Вдруг стало интересно, какова доля оригинального в хаотичной массе производимой человеком культуры? Чтобы быть писателем нужно сначала прочитать тонну книг, чтобы стать режиссером - просмотреть километры кинопленки, художники только и делают, что разглядывают чужие картины. Мы пропускаем через себя культурные продукты и, перемалывая мыслительными жерновами, выдаем миру новое творчество.
Допускаю, что некоторые гении в человеческой истории могли бы существовать и не имея ни малейшего понятия о предшествующей им многовековой культуре. Верю в то, что таким человеком был Велимир Хлебников. Верю в то, что в другое время, в другом государстве и в другом окружении он все равно оставался бы гением. Но проблема его искусства, созданного с условно чистого листа, заключается в его абстрактности и живой энергетике, которые означают, что созданное нужно прочувствовать, чтобы понять. Не пытаться анализировать и откинуть при чтении (просмотре/прослушивании) ровно то количество культурного бэкграунда, которое было отброшено автором при создании произведения. А это сложно, потому как читатель (зритель/слушатель) зачастую не хочет концентрироваться, не хочет ничего в себя впускать или лишний раз задумываться. Читатель хочет, чтобы ему четко сказали что же это все, в конце концов значит? И какова мораль? Виноват в такой неспособности отпускать возможно, даже не читатель, а суровые учительницы литературы, долгие годы мучившие читателя неизменным вопросом: "Что хотел сказать этим автор?" Читателю невдомек, что в те далекие времена нужно было тактично послать усталую тетеньку ко всем чертям, разъяснив, что главный тут он, и вопрос не в том, что сказал глубокоуважаемый мертвый автор, а в том, что же он, читатель, вместо этого услышал.
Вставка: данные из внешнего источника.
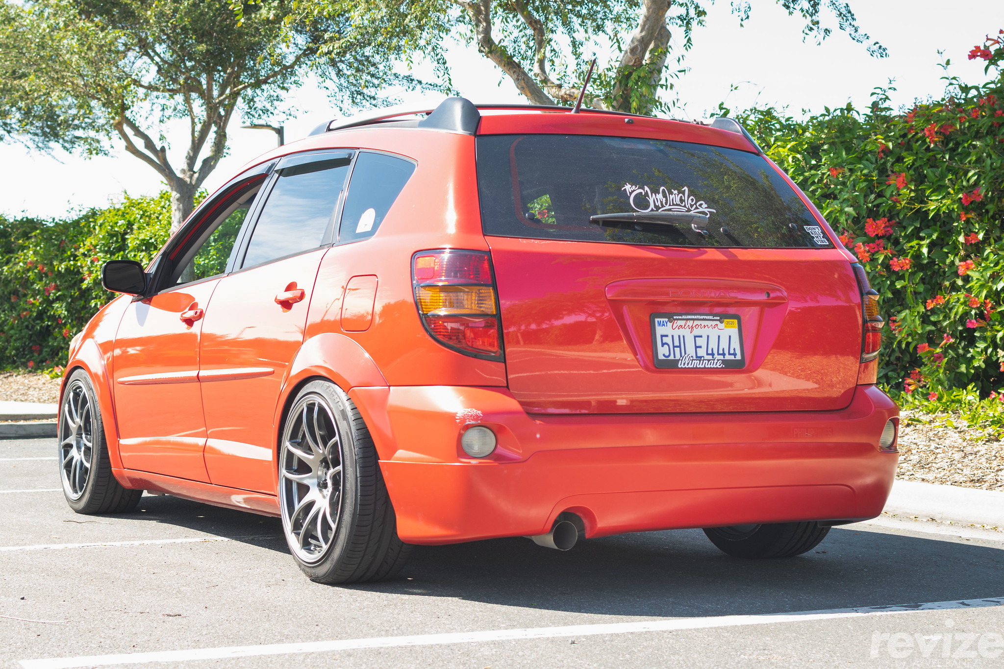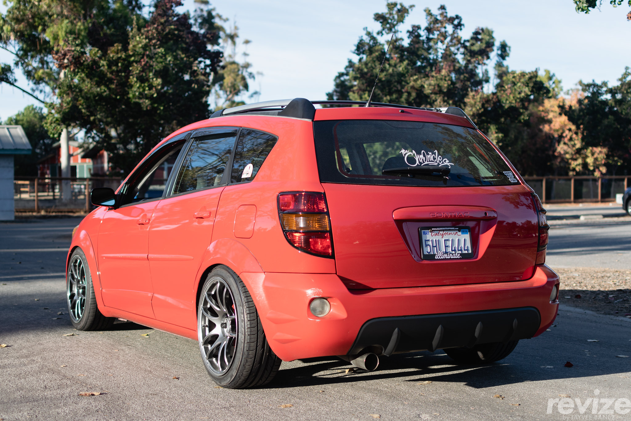 The next modification to my mom’s Vibe was a sticker tune. The main sticker is the “The “Chronicles” vinyl from Joey Lee of The Chronicles, aka “stickydiljoe”. After that, I wanted to make the rear look slightly more aggressive so I decided to wrap some of the rear bumper in black vinyl wrap. It gave it more contrast to the boring rear end of the hatchback.

Чтобы четко обозначить обозначить границы, скажу, что под чистым гением подразумеваю автора, способного творить вне контекста, находящегося под минимальным влиянием "духа времени". Термин "чистый гений" использую не как оценочный, превознося этих творцов над иными, несомненно великими и влиятельными. Из того же всепоглощающего разрушительного периода русского авангарда в качестве примера можно использовать Казимира Малевича. Клянусь Босхом, я преклоняюсь перед Малевичем и мое сердце чуточку умирает каждый раз, когда кто-то ставит под сомнение его величие. Но смог бы он создать концепцию супрематизма (непонятую многими нашими собратьями по биологическому виду и спустя сто лет), не дуй вокруг ветер хаоса? Вряд ли. Малевич сказал то, что должно было быть сказано в том самом месте и в том самое время. Смог бы творить вне контекста Сальвадор Дали? По моему мнению (закрепленному в том числе благодаря прочитанным его дневникам), талант Дали и есть порождение контекста. Он улавливал энергию вокруг, впитывал людей, рисовал насмешливые отражения, своим величием затмевавшие оригинал. 
Хлебников, идущий даже не сквозь время и пространство, а несмотря на них, известен широкой публике во многом благодаря заезжанным "смехачам", которые есть скорее упражнение с формой, а не содержанием. В то время как публика продолжает зачитываться Маяковским, который был скорее великим поэтическим ремесленником, захваченным вездесущей эпохой (в наши дни его неисчерпаемая харизма и блестящие способности к эпатажу, вероятно, были бы использованы для кормежки разжиревшего рекламного монстра). 

Гении служат источником вдохновения для многих поколений, но таланты дают настоящую пищу уставшим умам.